Dolschak Klaus, Gartner Karl, Berger Torsten W
Department of Forest- and Soil Sciences, Institute of Forest Ecology, University of Natural Resources and Live Sciences (BOKU), Peter Jordan-Straße 82, 1190 Vienna, Austria.
Department of Forest Ecology and Soil, Federal Research and Training Centre for Forests, Natural Hazards and Landscape, Seckendorff-Gudent-Weg 8, 1131 Vienna, Austria.
Model Earth Syst Environ. 2015 Dec 1;1(4):32. doi: 10.1007/s40808-015-0041-2.
In this article, the setup and the application of an empirical model, based on Newton's law of cooling, capable to predict daily mean soil temperature () under vegetated surfaces, is described. The only input variable, necessary to run the model, is a time series of daily mean air temperature. The simulator employs 9 empirical parameters, which were estimated by inverse modeling. The model, which primarily addresses forested sites, incorporates the effect of snow cover and soil freezing on soil temperature. The model was applied to several temperate forest sites, managing the split between Central Europe (Austria) and the United States (Harvard Forest, Massachusetts; Hubbard Brook, New Hampshire), aiming to cover a broad range of site characteristics. Investigated stands differ fundamentally in stand composition, elevation, exposition, annual mean temperature, precipitation regime, as well as in the duration of winter snow cover. At last, to explore the limits of the formulation, the simulator was applied to non-forest sites (Illinois), where soil temperature was recorded under short cut grass.
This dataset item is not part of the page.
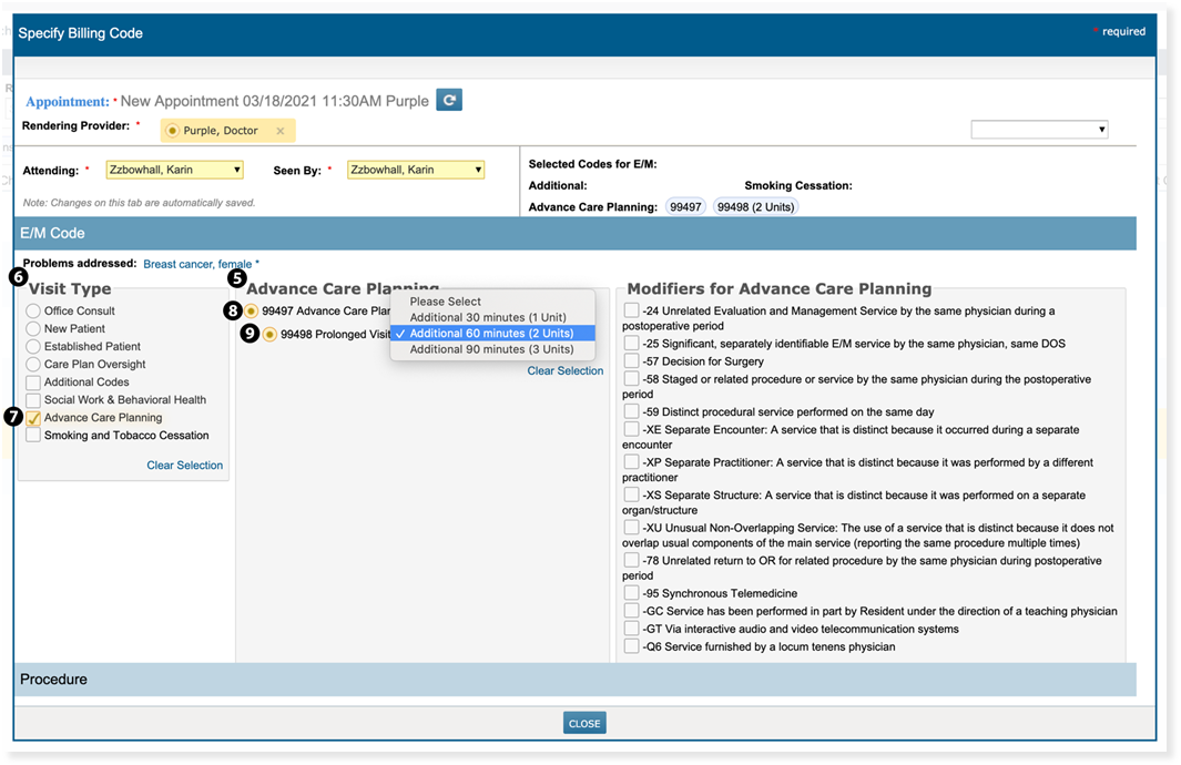 The Advance Care Planning section contains the primary and add-on codes for ACP billing (see callout 5). This section allows users to bill for their visit without having to go into the Procedure section to add their codes. The Associated Problems in the E/M section will apply to the codes selected in Advance Care Planning. Users can select codes from this code set or add them in addition to codes from the other codes listed under the Visit Type section (see callout 6).

The model was parameterized, specifically to site and measurement depth. After calibration of the model, an evaluation was performed, using ~50 % of the available data. In each case, the simulator was capable to deliver a feasible prediction of soil temperature in the validation time interval. To evaluate the practical suitability of the simulator, the minimum amount of soil temperature point measurements, necessary to yield expedient model performance was determined. In the investigated case 13-20 point observations, uniformly distributed within an 11-year timeframe, have been proven sufficient to yield sound model performance (root mean square error <0.9 °C, Nash-Sutcliffe efficiency >0.97). This makes the model suitable for the application on sites, where the information on soil temperature is discontinuous or scarce.
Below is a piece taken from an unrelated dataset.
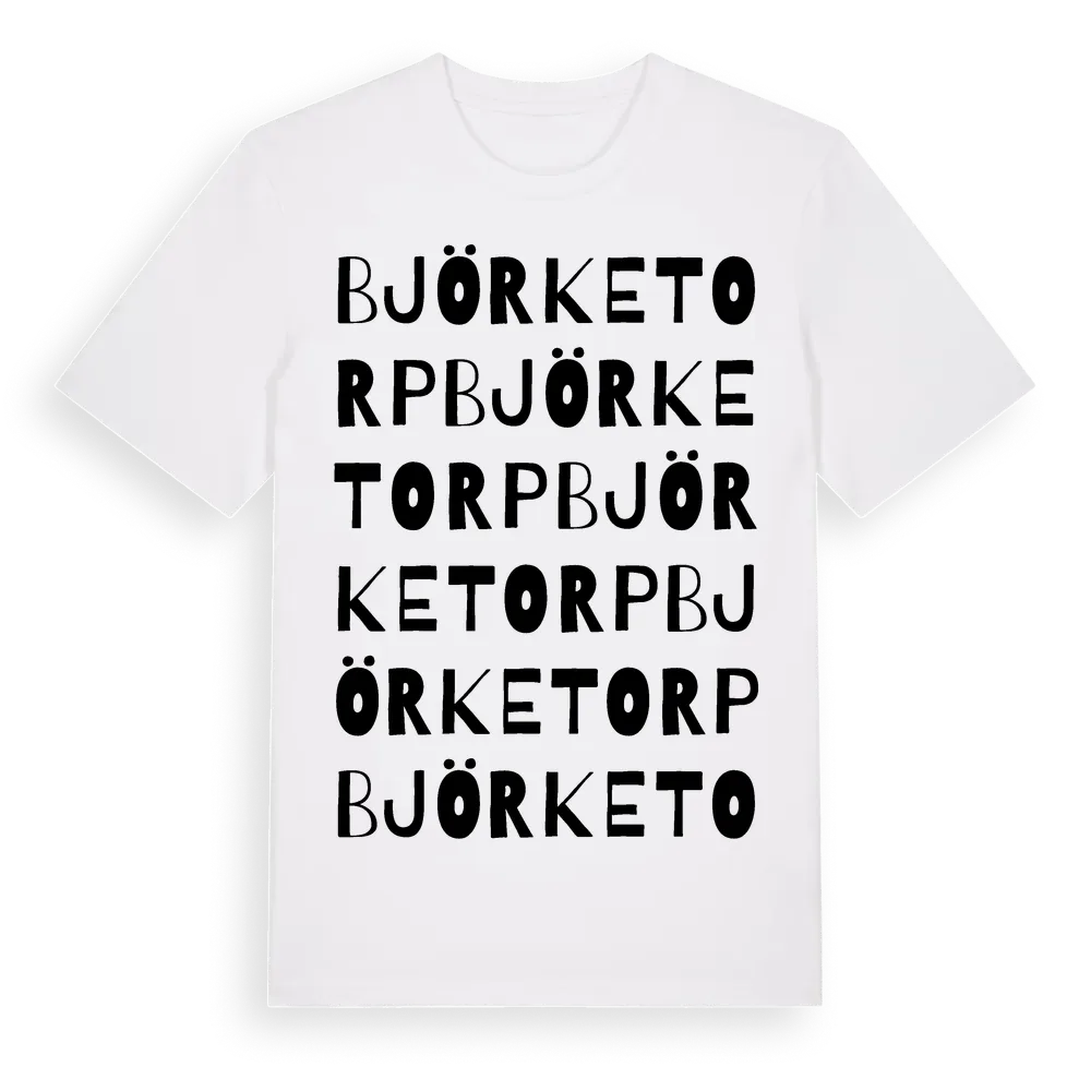 Björketorp ordlek t-shirt är inspirerad av Björketorp i Blekinge län, Sverige. Tröjan är designad för dig som har en speciell koppling till platsen – oavsett om du bor här, har rötterna här eller bara älskar Björketorp.

本文描述了一种基于牛顿冷却定律的经验模型的设置和应用,该模型能够预测植被覆盖表面下的日平均土壤温度()。运行该模型所需的唯一输入变量是日平均气温的时间序列。模拟器采用了9个通过逆建模估计的经验参数。该模型主要针对森林地区,考虑了积雪和土壤冻结对土壤温度的影响。该模型应用于几个温带森林站点,涵盖了中欧(奥地利)和美国(马萨诸塞州的哈佛森林;新罕布什尔州的哈伯德布鲁克),旨在涵盖广泛的站点特征。所研究的林分在林分组成、海拔、朝向、年平均温度、降水模式以及冬季积雪持续时间等方面存在根本差异。最后,为了探索该公式的局限性,将模拟器应用于非森林站点(伊利诺伊州),在那里短草下记录了土壤温度。该模型针对特定的站点和测量深度进行了参数化。在对模型进行校准后,使用约50%的可用数据进行了评估。在每种情况下,模拟器都能够在验证时间间隔内对土壤温度做出可行的预测。为了评估模拟器的实际适用性,确定了获得便捷模型性能所需的最低土壤温度点测量数量。在所研究的案例中,已证明在11年时间范围内均匀分布的13 - 20个点观测足以产生良好的模型性能(均方根误差<0.9°C,纳什 - 萨特克利夫效率>0.97)。这使得该模型适用于土壤温度信息不连续或稀缺的站点。